Using the current factoring tools available today, ECM, MPQS, and the GNFS as needed, sequences can be calculated into the 100s of digits.

## Length of sequences and the Catalan-Dickson Conjecture

Aliquot sequences can run anywhere from 1 step (sequences starting at a prime) to thousands of lines.

Sequences starting at even numbers are, as a rule, longer than sequences starting at odd numbers. This is because the '2' appearing in factorizations of even numbers persists, and can appear at higher powers, which tends to result in abundant numbers. Also, the '2' can only disappear under specific circumstances, which are harder to achieve as the length of the numbers increase.

The Catalan-Dickson Conjecture states that all sequences are bounded, that they either terminate in a prime, a perfect number, or fall into a cycle of length 2, amicable numbers, or longer, sociable numbers, but other researchers disagree with this conjecture.

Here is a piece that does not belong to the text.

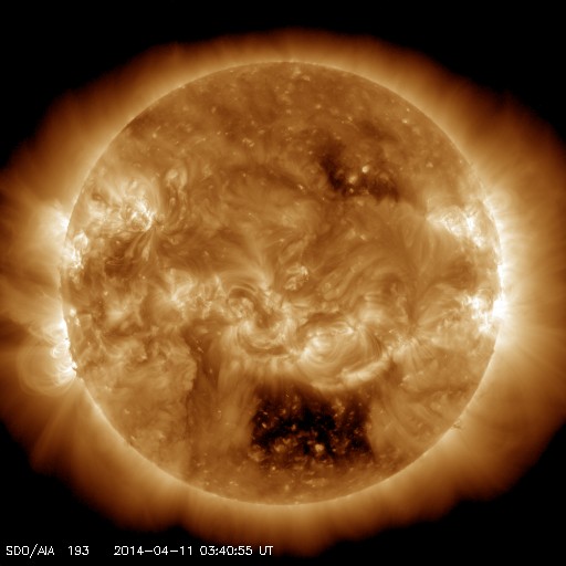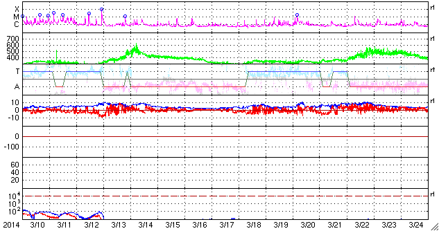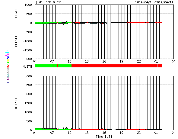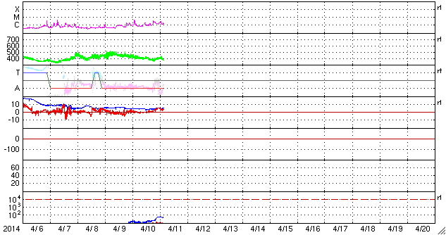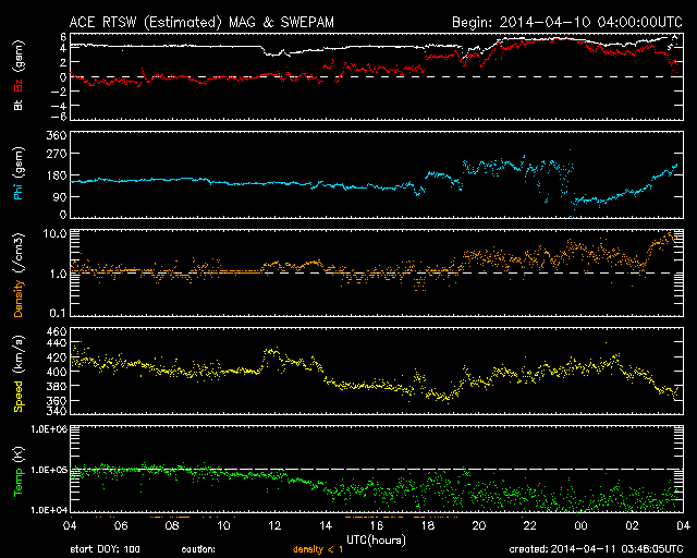 2014/ 4/11 12:48 更新 太陽風は穏やかで、磁気圏も静穏です。ムルマンスクのオーロラをどうぞ。 担当 篠原 ロシア、ムルマンスクの福島さんより、 4月6日に撮影されたオーロラの写真が届きました。 ムルマンスク州では、空の明るい時間がどんどん長くなっていて、 オーロラの観望できる時間帯は、23〜5時になっているそうです。 1枚目の写真は、 アパチット市から西へ10km程離れたエコストロフスキィ海峡で、 現地午前3時頃に、 同市在住のジガーロフ・ヴァレンチン氏により撮影されたものです。 とても華やかな色のオーロラが空をおおっています。 2枚目はオレネゴルスク市で、 同市在住のバタヴィン・ヴィクトル氏により撮影されました。 乳緑色に強く輝くオーロラが夜空を分けています。 福島さんによると、 ムルマンスクでは4月に入ったのに時々吹雪いていて、 春はまだ遠そうだとのことです。 次第に観測時間の短くなる中で撮影された貴重なオーロラの姿を ありがとうございます。 オーロラの見事さに目を奪われるのはもちろんですが、 まだ寒そうな、地上の雪景色も印象的です。 太陽風は、400km/秒前後と平均的な速度が続いています。 磁場強度も4〜5nTで安定していて、太陽風は穏やかです。 コロナホールによる太陽風の乱れは来ていませんが、 SDO衛星AIA193の太陽写真では、 コロナホールは太陽の西半球側に半分ほど進んだくらいで、 影響の到来はこれからかもしれません。 引き続き、ACE衛星の太陽風データに注目して下さい。 磁気圏の活動は静穏で、AE指数はほとんど変化していません。 太陽風磁場の南北成分は北寄りに推移しています。 太陽は、東の端から活動的な領域が近づいています。 SDO衛星AIA131の動画を掲載します。 可視光写真では、黒点がぎりぎりで顔を出しています。 今後はこちら側の活動になるので、 活動が強まれば影響も大きくなるでしょう。

The numbers under 1000 whose sequences could be unbounded are 276, 306, 396, 552, 564, 660, 696, 780, 828, 888, 966 and 996. However, some of these sequences merge with earlier ones. For example, 396 merges with 276 because the sequence of 276 starts 276, 396... Only the lowest of the "family" of sequences is counted as a full open-end sequence, and the others are known as side-sequences. The open-end sequences under 1000 are 276, 552, 564, 660 and 966.

There are 902 open-end sequences under $10^5$, and 9282 under $10^6$ as of January 23 2011.

## Drivers and guides

### Perfect numbers

During the calculation of a sequence, several prime factorization structures can tend to persist. The most stable form of these is called a driver. This is because they tend to drive the sequence higher at every step. Of the drivers, the worst ones are the perfect numbers:

$2^ \ \ *\ 3$
$2^2\ *\ 7$
$2^4\ *\ 31$
$2^6\ *\ 127$

### The other drivers

The other drivers are

$2^3\ *\ 3$
$2^3\ *\ 3\ *\ 5$
$2^5\ *\ 3\ *\ 7$
$2^9\ *\ 3\ *\ 11\ *\ 31$

The last of these has only been seen a couple of times 'in the wild'.

### The downdriver

A special form of driver is '2', not raised to a power and unaccompanied by '3'. This form of driver is termed the downdriver because when a line factors with this driver, the sequence can decrease in size. Depending on the size of the other prime(s) in the factorization, a sequence can decrease by close to 50% for each line when driven by the downdriver. Unfortunately, the downdriver is less stable than all of the other drivers except $2^3\ *\ 3$ and will be lost on the next line if a number factors as

$2\ *\ p$, where p is of the form $4n+1$

### Guides

Guides are less persistent than drivers, but can also tend to appear in subsequent lines of a sequence. Some examples of guides are:

$2^2$
$2^3$
$2^3\ *\ 5$
$2^5\ *\ 3$\

(For a more complete analysis of drivers and the conditions needed to escape a driver, see Clifford Stern's analysis page.)